## RAW DATA
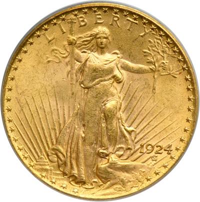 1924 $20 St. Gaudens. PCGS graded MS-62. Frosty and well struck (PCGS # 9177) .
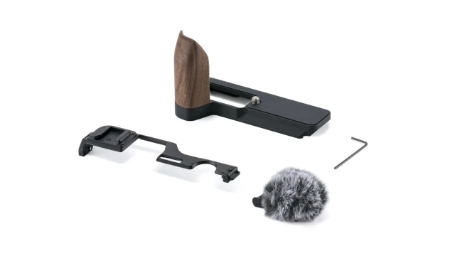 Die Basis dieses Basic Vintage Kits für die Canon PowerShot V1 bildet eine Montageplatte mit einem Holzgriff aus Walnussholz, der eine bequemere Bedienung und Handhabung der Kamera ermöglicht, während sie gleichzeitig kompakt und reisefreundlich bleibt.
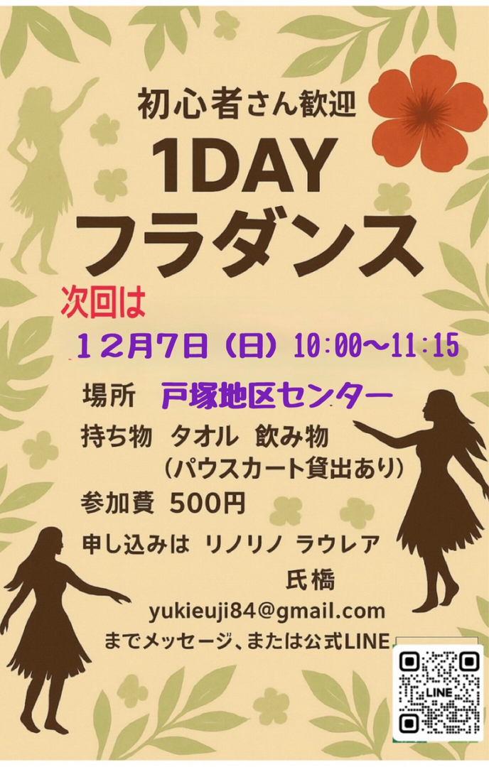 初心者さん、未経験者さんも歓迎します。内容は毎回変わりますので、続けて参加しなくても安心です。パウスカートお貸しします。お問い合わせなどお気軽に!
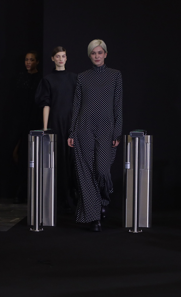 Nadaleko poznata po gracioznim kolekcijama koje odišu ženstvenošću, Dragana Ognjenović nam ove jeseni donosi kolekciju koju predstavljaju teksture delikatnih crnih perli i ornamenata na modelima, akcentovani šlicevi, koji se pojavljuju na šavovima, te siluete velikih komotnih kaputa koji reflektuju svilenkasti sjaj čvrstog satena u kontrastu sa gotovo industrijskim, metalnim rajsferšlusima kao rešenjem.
* * *
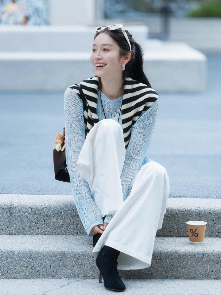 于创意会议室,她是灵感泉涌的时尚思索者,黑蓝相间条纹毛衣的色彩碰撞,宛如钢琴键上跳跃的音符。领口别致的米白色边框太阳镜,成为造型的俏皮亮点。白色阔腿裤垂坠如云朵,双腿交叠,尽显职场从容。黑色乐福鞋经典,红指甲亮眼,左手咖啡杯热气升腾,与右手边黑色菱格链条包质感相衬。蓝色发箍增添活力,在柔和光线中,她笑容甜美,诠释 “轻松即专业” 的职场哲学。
---
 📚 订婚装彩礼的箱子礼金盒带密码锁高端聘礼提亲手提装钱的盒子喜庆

## ASSIGNED TASK
From the records above, copy exactly the lines starting at the one with "1924 $20 St." and ending at the one with "初心者さん、未経験者さんも歓", and no others. Pictures stay out.

## PROBLEM SOLUTION
 1924 $20 St. Gaudens. PCGS graded MS-62. Frosty and well struck (PCGS # 9177) .
 Die Basis dieses Basic Vintage Kits für die Canon PowerShot V1 bildet eine Montageplatte mit einem Holzgriff aus Walnussholz, der eine bequemere Bedienung und Handhabung der Kamera ermöglicht, während sie gleichzeitig kompakt und reisefreundlich bleibt.
 初心者さん、未経験者さんも歓迎します。内容は毎回変わりますので、続けて参加しなくても安心です。パウスカートお貸しします。お問い合わせなどお気軽に!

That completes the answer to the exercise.